Guest Author - Donna Ledbetter
The National Great Blacks in Wax Museum is one of the nation’s most revered institutions of African-American history, and it is located right in the MidAtlantic. This Baltimore museum is small compared to other more frequented museums in the city like the Walter’s Art Gallery and the Baltimore Museum of Art. Yet, what it lacks in size it makes up for in its treatment of American history with particular emphasis on the triumphs of African Americans.
The museum begins with the entrapment and transport of Africans to America. It begins just at the entrance at a small, hidden staircase where you are taken to one of the most poignant exhibits of all time depicting the “middle passage,” the middle part of a cargo ship’s journey between Europe, Africa, and the Americas where captured people were taken from Africa and shipped into lives of enslavement. Taking special care to read the historical notes accompanying each scene and recognizing the artistic depiction of the wax models’ expressions will enhance your experience. Back upstairs, there are other exhibits featuring historic events and tributes to historic figures leading up to the present. Depiction of the early days of American slavery continues in another part of the museum.
Throughout the Great Blacks in Wax, visitors are given reason to pause. Even contemporary history plays an important role in the museum. Accounts of both the dark but honest plague of substance abuse that riddles many of today’s communities and the landmark election of President Barack Obama sit only a small distance apart.
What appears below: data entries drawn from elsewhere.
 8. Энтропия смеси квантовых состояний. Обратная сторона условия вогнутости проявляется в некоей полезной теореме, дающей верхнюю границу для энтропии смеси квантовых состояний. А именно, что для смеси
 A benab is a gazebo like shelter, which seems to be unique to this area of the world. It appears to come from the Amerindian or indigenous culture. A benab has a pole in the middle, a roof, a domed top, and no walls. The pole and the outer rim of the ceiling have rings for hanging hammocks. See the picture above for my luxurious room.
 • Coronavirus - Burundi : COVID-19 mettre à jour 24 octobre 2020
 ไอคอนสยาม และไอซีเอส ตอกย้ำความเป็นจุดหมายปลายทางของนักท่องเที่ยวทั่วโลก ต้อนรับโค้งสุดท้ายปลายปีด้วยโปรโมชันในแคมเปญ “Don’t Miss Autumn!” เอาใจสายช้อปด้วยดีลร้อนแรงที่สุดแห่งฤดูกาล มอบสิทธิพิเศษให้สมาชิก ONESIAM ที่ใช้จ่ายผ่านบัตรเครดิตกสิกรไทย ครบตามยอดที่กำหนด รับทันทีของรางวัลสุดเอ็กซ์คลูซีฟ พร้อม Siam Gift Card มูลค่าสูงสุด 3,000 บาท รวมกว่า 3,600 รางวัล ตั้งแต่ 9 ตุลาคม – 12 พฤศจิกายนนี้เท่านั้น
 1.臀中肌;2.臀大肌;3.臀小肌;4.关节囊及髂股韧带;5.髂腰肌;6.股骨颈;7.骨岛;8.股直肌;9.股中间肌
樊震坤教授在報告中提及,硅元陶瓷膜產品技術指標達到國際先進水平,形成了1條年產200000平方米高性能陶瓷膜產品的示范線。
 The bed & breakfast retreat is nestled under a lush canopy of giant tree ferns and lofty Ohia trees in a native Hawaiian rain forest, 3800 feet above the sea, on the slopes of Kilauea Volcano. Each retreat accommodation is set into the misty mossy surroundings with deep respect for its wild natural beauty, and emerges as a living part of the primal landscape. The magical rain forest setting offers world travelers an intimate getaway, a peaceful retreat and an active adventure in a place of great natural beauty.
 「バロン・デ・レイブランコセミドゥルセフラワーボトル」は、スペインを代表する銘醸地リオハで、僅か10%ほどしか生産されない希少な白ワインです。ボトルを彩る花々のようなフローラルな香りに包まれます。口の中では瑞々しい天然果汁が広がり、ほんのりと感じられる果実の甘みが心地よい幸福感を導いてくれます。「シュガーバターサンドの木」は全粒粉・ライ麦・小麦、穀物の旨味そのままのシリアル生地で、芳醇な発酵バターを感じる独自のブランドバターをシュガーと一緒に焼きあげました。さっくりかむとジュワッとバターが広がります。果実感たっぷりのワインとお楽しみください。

At first glance, the Great Blacks in Wax Museum serves its purpose as an institution for remembering and helping Americans never to forget the plight of African Americans in the United States. It honors a vast handful of the African Americans throughout history who have helped the United States become the beacon of freedom and opportunity that it is today, however arduous that endeavor was to begin (for the end is not here).
In addition to being a record of history, the Great Blacks in Wax Museum is also a starting place. Its exhibits spark curiosity among African Americans and non-African Americans alike. The museum is a safe and comfortable beginning to one of the hottest and most subversive topics in American conversation. It is said that race as Americans know it is a completely American phenomenon. When some foreign visitors come to United States, they are fascinated by this American obsession. Treating foreign guests to a trip to the Great Blacks in Museum is an excellent way to address their curiosity and remove the tension that often surrounds broaching the subject.
The Great Blacks in Wax Museum is appropriate fare for visiting any time of the year. It outlines not only African-American history, but also, most importantly, the history of the entire nation. It is one of the best, most carefully curated museums in Baltimore.